Abstract:
Fitness can be comprehensively defined in terms of reproductive value or the expected
future reproductive contribution of an individual, as a function of its age, expectation of
survival and expectation of reproduction (Reznick and Travis, 1996). Thus, the study of lifehistory traits like reproductive age, number of offspring, life span and other traits which
affect these indirectly, like resistance of an organism to various biotic and abiotic stresses or
traits affecting resource acquisition and utilization, is important to both ecology and
evolution. However, it was Mac Arthur and Wilson’s (1967) theory of density-dependent
selection which for the first time formally brought together population genetics and
population ecology, as it considered the impact of population density on evolutionary trends.

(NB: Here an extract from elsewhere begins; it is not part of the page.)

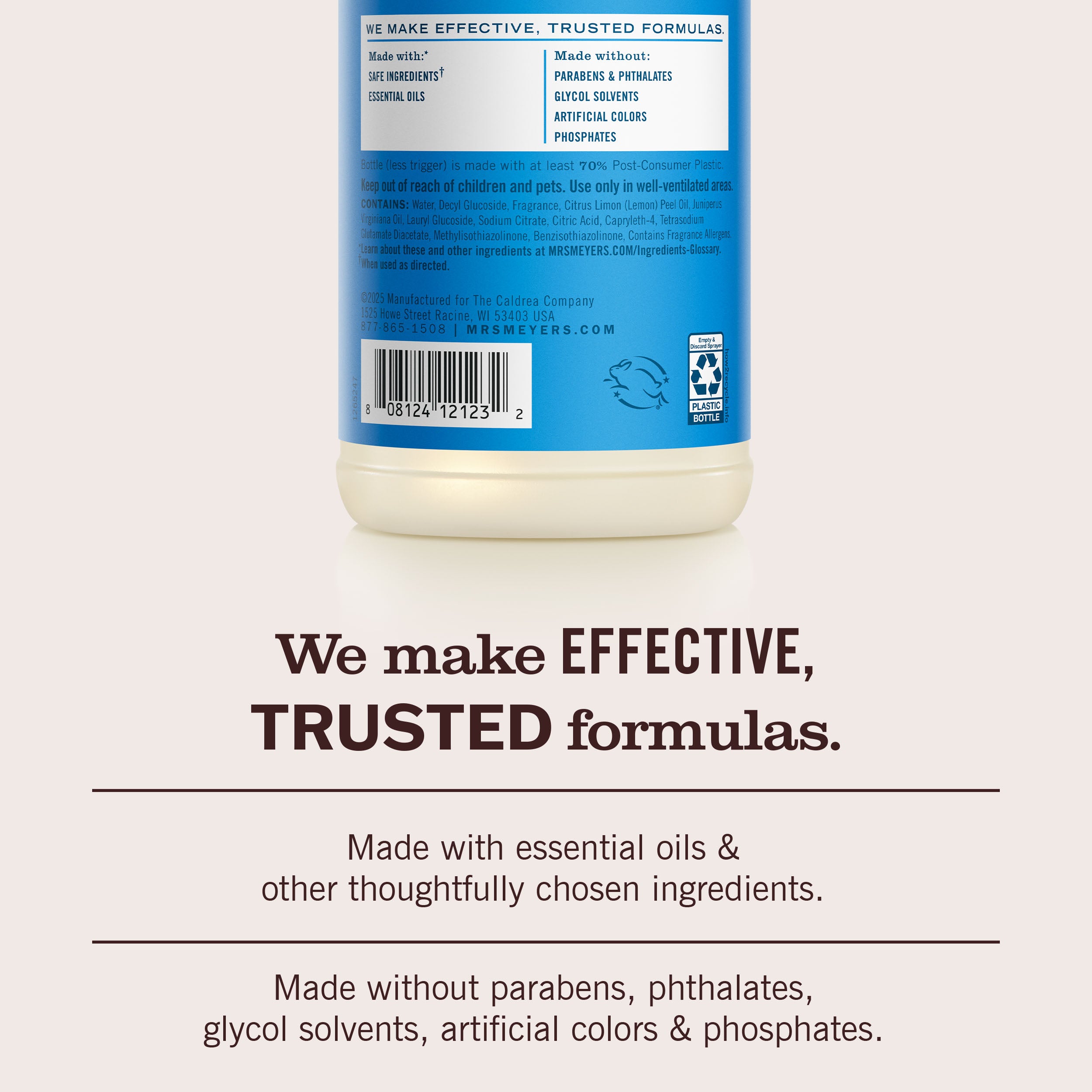 - TESTED & TRUSTED: Mrs. Meyer’s products are made with essential oils and other thoughtfully chosen ingredients that are cruelty-free and Leaping Bunny Certified.
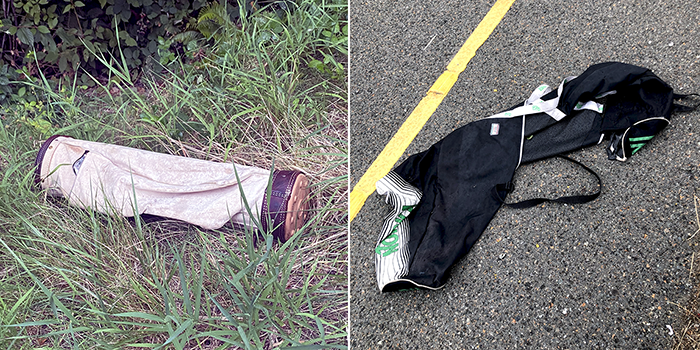 On Saturday after our walk down the hill into Bothell, we were running an errand and spotted what looked to be a McLitterer bag that wasn’t there when we walked. Later, we walked down to retrieve it.

Since then, many theoretical models have been developed for life-history evolution over the
course of time and under different environmental conditions (Gadgil and Bossert, 1970;
Roughgarden, 1971; Asmussen, 1983; Boyce, 1984; Charlesworth 1994). These models
predict the life-history expected to evolve under some defined selection regime. However,
these models typically do not explicitly consider the genetic architecture of fitness-related
traits. This lacuna has been addressed by many empirical studies on life-history evolution
done in field, semi-natural or laboratory conditions (Rose 1984; Vasi et al. 1994; Hoffmann
et al. 2003; van der Linde, 2005; Nussey et al. 2008).